Gains :
- Capacité à résumer des données telles que les absences, l'observation académique et comportementale avec le support de l'intelligence artificielle et à préparer un tableau de suivi et des notes d'observation
- Capacité à rédiger des invites qui laissent la décision à l'expert tout en produisant des résumés qui facilitent la détection de modèles pour une alerte précoce
- Comprendre que l'intelligence artificielle réduit l'étudiant à un risque et à un danger de partialité, et être capable de voir que l'alerte précoce doit toujours être combinée avec l'observation et l'entretien d'experts.

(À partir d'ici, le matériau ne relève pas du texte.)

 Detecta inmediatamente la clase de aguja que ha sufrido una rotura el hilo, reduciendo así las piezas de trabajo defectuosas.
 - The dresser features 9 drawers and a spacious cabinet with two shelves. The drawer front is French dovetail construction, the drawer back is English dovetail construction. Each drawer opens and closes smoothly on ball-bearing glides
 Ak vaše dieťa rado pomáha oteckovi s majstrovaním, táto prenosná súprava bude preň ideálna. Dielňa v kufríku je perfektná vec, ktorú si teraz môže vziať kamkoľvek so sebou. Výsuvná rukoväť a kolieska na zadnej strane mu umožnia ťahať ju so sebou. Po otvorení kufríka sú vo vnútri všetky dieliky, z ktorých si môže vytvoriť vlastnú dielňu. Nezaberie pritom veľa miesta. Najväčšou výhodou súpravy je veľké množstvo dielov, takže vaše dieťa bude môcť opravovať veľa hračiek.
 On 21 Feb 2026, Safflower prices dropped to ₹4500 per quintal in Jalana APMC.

L'une des tâches importantes du professionnel PDR est de suivre les étudiants au fil du temps : habitudes de fréquentation, progrès académiques, observations comportementales, relations sociales, historique des entretiens. Ce suivi vise à reconnaître précocement quand un élève peut avoir besoin de soutien ; C’est ce qu’on appelle l’alerte précoce. L’alerte précoce consiste à activer un accompagnement en fonction de signes observables (augmentation brutale de l’absentéisme, baisse des notes, abandon) avant qu’un problème ne s’aggrave. Mais ce champ peut être à la fois très utile et très dangereux : s'il est bien utilisé, il permet d'atteindre un élève à temps ; Mal utilisé, il enferme l’étudiant dans une « étiquette de risque ».

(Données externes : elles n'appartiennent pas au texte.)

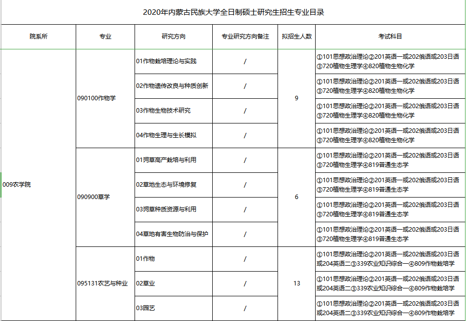 内蒙古大学考研辅导班:2020年内蒙古大学农学院考研专业目
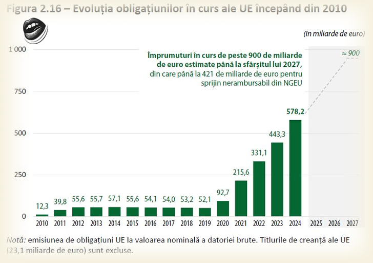 Dacă în anul 2019, totalul împrumuturilor făcute de Uniunea Europeană abia ajungea la 52 de miliarde de euro, la sfârșitul anului 2024 cifra urcase la 578 de miliarde. Iar potrivit estimărilor oficiale, în 2027 se va atinge pragul amețitor de 900 de miliarde de euro – adică de aproape 18 ori mai mult decât în urmă cu doar opt ani.
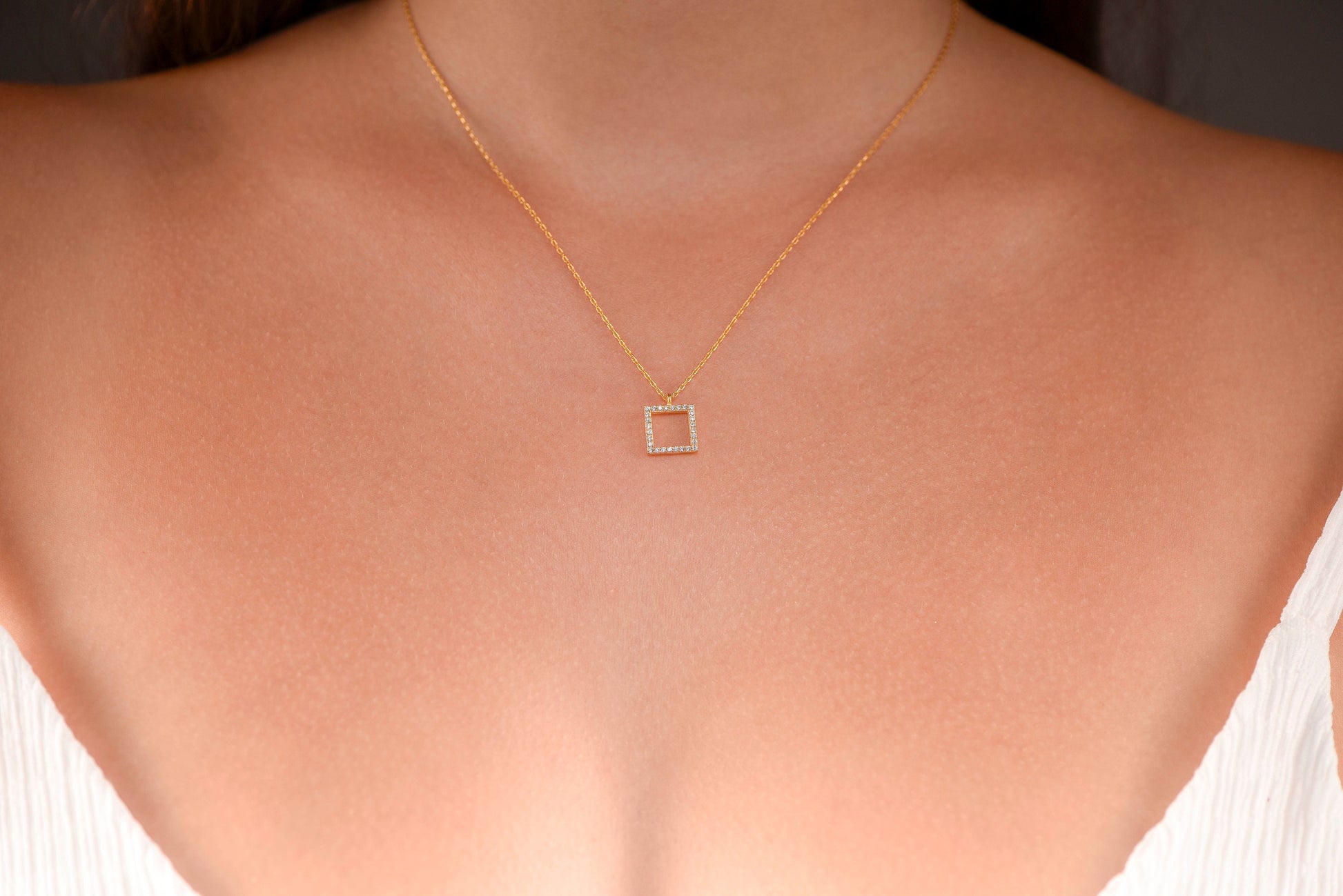 Solid Gold Square Diamond Necklace - Dazzling Statement Piece-Solid Gold Diamond Necklace- Gift for Mom

Dans cette unité, nous apprendrons à utiliser l’IA comme une aide qui résume les données de suivi dispersées et rend le modèle visible. Le principe le plus critique : l’IA peut signaler une tendance, mais elle ne peut pas évaluer l’élève ni le déclarer « à risque ». L'alerte précoce est toujours combinée à l'observation du spécialiste et à la discussion avec l'étudiant ; L'évaluation et la décision finale appartiennent à l'expert. Rappelons également la limite de la crise : si une donnée de suivi indique un risque grave (par exemple, la situation d'un élève indique un danger immédiat), il s'agit d'une situation de crise et le protocole de l'unité 9 entre en jeu ; Pas l'IA.

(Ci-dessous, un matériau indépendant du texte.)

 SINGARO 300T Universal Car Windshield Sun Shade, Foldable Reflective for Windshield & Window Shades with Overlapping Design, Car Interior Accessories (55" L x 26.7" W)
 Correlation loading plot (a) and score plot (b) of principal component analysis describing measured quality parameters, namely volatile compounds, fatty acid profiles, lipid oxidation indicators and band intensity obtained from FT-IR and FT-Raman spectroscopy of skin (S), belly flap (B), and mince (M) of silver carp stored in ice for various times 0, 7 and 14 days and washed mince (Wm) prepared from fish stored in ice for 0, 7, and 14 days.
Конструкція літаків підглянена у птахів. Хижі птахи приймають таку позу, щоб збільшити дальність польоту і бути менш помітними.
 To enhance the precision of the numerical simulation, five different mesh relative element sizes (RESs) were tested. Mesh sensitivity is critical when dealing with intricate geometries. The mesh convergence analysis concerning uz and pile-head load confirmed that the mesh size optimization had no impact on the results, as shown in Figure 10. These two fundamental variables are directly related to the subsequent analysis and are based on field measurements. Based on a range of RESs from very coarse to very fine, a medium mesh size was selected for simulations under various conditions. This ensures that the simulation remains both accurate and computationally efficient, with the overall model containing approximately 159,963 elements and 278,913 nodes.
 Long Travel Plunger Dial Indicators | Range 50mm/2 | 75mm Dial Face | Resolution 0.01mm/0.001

La frontière ténue entre voir des modèles et les étiqueter
Le suivi des données à lui seul n’a pas de sens ; le contexte donne du sens. Augmentation de l'absentéisme pendant trois semaines ; Cela peut être lié à une maladie, à une situation familiale ou à une difficulté scolaire. L’IA peut rendre cette augmentation visible dans un tableau ou une synthèse (« l’absentéisme a considérablement augmenté au cours des trois dernières semaines ») ; il s'agit d'un indice utile qui attire l'attention du professionnel sur cet élève. Le danger est que l’IA (ou l’expert, basé sur l’IA) passe de ce signal à un jugement : « cet élève est à risque/problème/négligé ». Ce saut peut être à la fois erroné et stigmatisant l’élève.
Règle : l'IA signale, l'expert construit le sens. Un résumé est une justification pour démarrer une conversation, pas une conclusion. Aucun signe ne devient une évaluation sans en parler à l'élève.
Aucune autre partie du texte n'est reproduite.